Mancano meno di due settimane alla chiusura della finestra temporale che il Garante della privacy italiano ha dato a OpenAi per adeguarsi alle sue prescrizioni sull’uso dei dati personali e correggere la rotta su ChatGPT: come vi avevamo raccontato, la startup fondata da Sam Altman ha tempo fino al 30 aprile prossimo per rispettare le regole europee in tema di informativa sull’uso dei dati personali, diritti degli interessati (utenti e non) e base giuridica del trattamento delle informazioni per allenare l’algoritmo. Al di là di come finirà questa storia, comunque, i problemi e le alzate di sopracciglio legati alle intelligenza artificiale, e in particolare agli algoritmi conversazionali come per l’appunto ChatGPT, sono ben lontani dall’essere risolti – ne è testimone l’ormai famosa lettera in cui Elon Musk, i ricercatori di DeepMind e altri imprenditori e scienziati hanno chiesto uno stop di sei mesi nello sviluppo dell’intelligenza artificiale, in attesa di avere “regole comuni e protezioni dalle conseguenze più deleterie”.

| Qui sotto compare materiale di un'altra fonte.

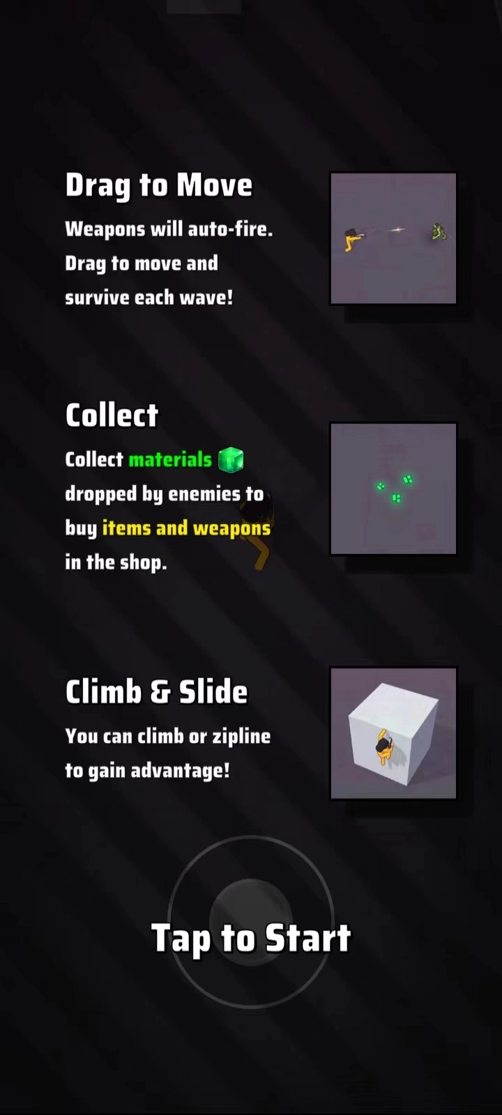 3、之后,玩家可以看见下图这个简易的游戏攻略,点击【tap to start】进入游戏;

Che se ne condividano o meno i contenuti, comunque, la lettera racconta solo parte della storia. E, a voler pensar male, l’impressione è che almeno alcuni dei suoi autori stiano soltanto cercando di prendere tempo per non rischiare di essere tagliati fuori dal succulento mercato dell’intelligenza artificiale (e difatti…). A sostenerlo, tra gli altri, sono gli esperti di SIpEIA, la Società Italiana per l’Etica dell’Intelligenza Artificiale, associazione fondata da esperti di informatica, etica e giurisprudenza delle Università degli Studi di Torino, Sapienza Università di Roma, Università della Calabria, Università di Bologna e del Consiglio Nazionale delle Ricerche, che sta per pubblicare un manifesto su ChatGPT e gli altri Large Language Model (Llm) – di cui si è tra l’altro discusso il 17 aprile scorso a Torino, nel corso dell’evento “ChatGPT: promesse e illusioni. Limiti e potenzialità del fenomeno informatico del momento”. “Parte della classe degli intellettuali organici e degli imprenditori vuole ‘raccattare le briciole’ di questi strumenti – ci ha raccontato Guido Boella, professore al Dipartimento di Informatica dell’Università di Torino e cofondatore di SIpEIA – e usa la visione lungotermista per puntare il dito verso problemi lontani e non ben definiti, anziché evidenziare quelli molto più immediati e concreti, relativi in particolare alle interazioni tra economia, società e tecnologia”. Come vi avevamo raccontato, la narrazione lungotermista cara a Elon Musk e colleghi mette in guardia, per esempio, rispetto alla possibilità che “menti non umane potrebbero superarci di numero, essere più intelligenti di noi, renderci obsoleti e rimpiazzarci”: ma si tratta, come hanno più volte ribadito i massimi esperti del settore, di una suggestione distopica e assurda dal punto di vista scientifico e tecnologico, specie se si considera che un’intelligenza artificiale del genere non solo non è nemmeno ancora in vista, ma non è neanche in alcun modo chiaro se sarà mai possibile svilupparla.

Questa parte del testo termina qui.